* **Records**
BEGIN
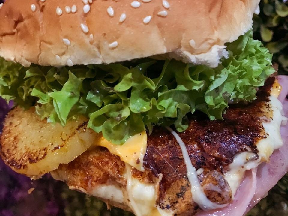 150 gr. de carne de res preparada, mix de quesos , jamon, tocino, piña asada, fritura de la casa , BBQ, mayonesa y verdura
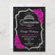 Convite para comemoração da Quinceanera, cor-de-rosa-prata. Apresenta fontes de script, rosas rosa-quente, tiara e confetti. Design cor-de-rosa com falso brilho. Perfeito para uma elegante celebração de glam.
END
BEGIN
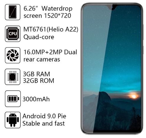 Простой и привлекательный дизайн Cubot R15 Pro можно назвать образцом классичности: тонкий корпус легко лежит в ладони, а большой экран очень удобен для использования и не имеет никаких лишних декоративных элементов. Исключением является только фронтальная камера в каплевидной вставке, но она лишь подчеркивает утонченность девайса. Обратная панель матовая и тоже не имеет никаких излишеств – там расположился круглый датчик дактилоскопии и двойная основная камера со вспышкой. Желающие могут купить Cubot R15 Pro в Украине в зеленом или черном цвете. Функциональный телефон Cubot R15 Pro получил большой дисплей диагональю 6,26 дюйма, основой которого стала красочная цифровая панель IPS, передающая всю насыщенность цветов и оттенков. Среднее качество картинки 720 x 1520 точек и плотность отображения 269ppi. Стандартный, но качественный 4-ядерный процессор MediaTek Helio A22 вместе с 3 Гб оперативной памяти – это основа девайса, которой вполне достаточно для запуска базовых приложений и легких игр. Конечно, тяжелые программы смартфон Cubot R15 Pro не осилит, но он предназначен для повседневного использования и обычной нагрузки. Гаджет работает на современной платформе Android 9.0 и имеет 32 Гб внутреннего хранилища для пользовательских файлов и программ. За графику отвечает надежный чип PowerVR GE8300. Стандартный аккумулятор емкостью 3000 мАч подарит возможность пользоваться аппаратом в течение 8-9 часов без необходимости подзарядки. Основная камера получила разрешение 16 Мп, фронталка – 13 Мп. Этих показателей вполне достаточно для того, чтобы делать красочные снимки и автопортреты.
END
* **The task**
In the listing above, find the line with "150 gr. de carne" and the line with "Convite para comemoração". Set down both and every line between them, minus the pictures.

* **Answer for this exercise**
 150 gr. de carne de res preparada, mix de quesos , jamon, tocino, piña asada, fritura de la casa , BBQ, mayonesa y verdura
 Convite para comemoração da Quinceanera, cor-de-rosa-prata. Apresenta fontes de script, rosas rosa-quente, tiara e confetti. Design cor-de-rosa com falso brilho. Perfeito para uma elegante celebração de glam.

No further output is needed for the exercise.